#### PROBLEM STATEMENT
Pictures aside, reproduce exactly and only the lines below, starting at the one containing "Vtg. BUMBLING BOXING" and ending at the last line.

::::::::::

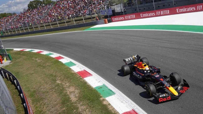 Balapan F1 GP Italia digelar di Sirkuit Monza, Minggu (11/9/2022) malam WIB. Verstappen jadi pebalap pertama yang menyentuh garis finis, mengungguli pebalap Ferrari Charles Leclerc.
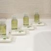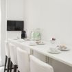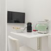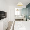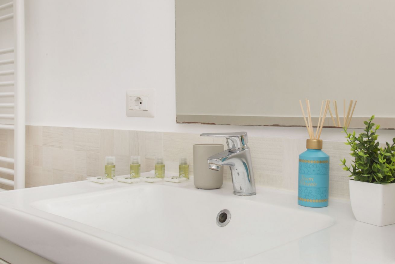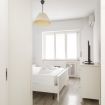 The minimalist design and light-colored furnishings make the spaces airy and pleasant, while details such as fresh towels, amenities, and small decorative touches create a boutique hotel atmosphere.
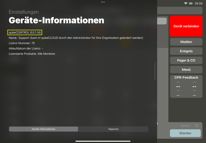Zuerst sollten bei Controller und Monitor jeweils die Versionsnummern kontrolliert werden. Hierzu müssen in beiden Apps die Geräte-Informationen geöffnet werden. Dazu entweder innerhalb der App auf das App-Logo (qubeCONTROL, z. B. qubeC3, qubeX etc.) klicken oder innerhalb der App vom linken Bildschirmrand in Richtung Mitte wischen. In den Geräte-Informationen wird unter anderem die Versionsnummer angezeigt. Hier sollte auf jeden Fall die erste Zahl, idealerweise die ersten beiden Zahlen übereinstimmen. Die letzte Zahl kann unterschiedlich sein, die Zahl in Klammern spielt keine Rolle (z. B. 5.0.2 (2) und 5.0.0 (31)).
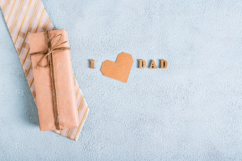 Подарок ко Дню отца на галстуке, сердце и надписи на синем фоне
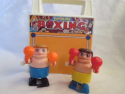 Vtg. BUMBLING BOXING Wind-Up Boxer Toys TOMY Robot w/Case
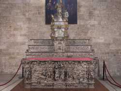 L'altare realizzato nel 1684 dall'argentiere Domenico Marinelli per la Basilica di San Nicola: su di esso è iscritta una frase in latino di cui nessuno ha mai capito il significato
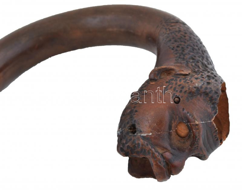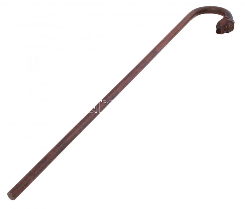 Hiányos majomfejes sétapálca, fa, h:77 cm

::::::::::

#### RESULT OF THE TASK
 Vtg. BUMBLING BOXING Wind-Up Boxer Toys TOMY Robot w/Case
 L'altare realizzato nel 1684 dall'argentiere Domenico Marinelli per la Basilica di San Nicola: su di esso è iscritta una frase in latino di cui nessuno ha mai capito il significato
 Hiányos majomfejes sétapálca, fa, h:77 cm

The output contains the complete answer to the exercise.